* _Data for this exercise_:
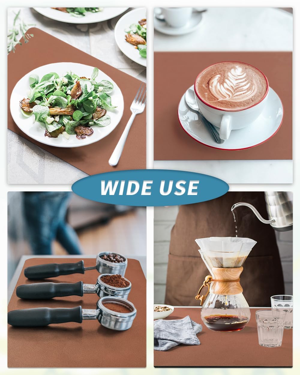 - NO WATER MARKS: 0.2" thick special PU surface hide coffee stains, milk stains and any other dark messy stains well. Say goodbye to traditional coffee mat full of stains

* * *

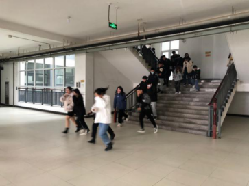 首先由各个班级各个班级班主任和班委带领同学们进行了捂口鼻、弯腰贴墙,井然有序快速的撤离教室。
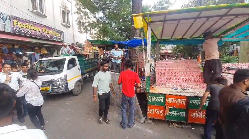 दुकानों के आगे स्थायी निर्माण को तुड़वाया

* _What you should do_: Although pictures appear among the records above, write out exactly only the lines from the one that has "首先由各个班级各个班级班主任" through the one that has "दुकानों के आगे स्थायी निर्माण को तुड़वाया", and leave the pictures out.

* _Exercise output_:
 首先由各个班级各个班级班主任和班委带领同学们进行了捂口鼻、弯腰贴墙,井然有序快速的撤离教室。
 दुकानों के आगे स्थायी निर्माण को तुड़वाया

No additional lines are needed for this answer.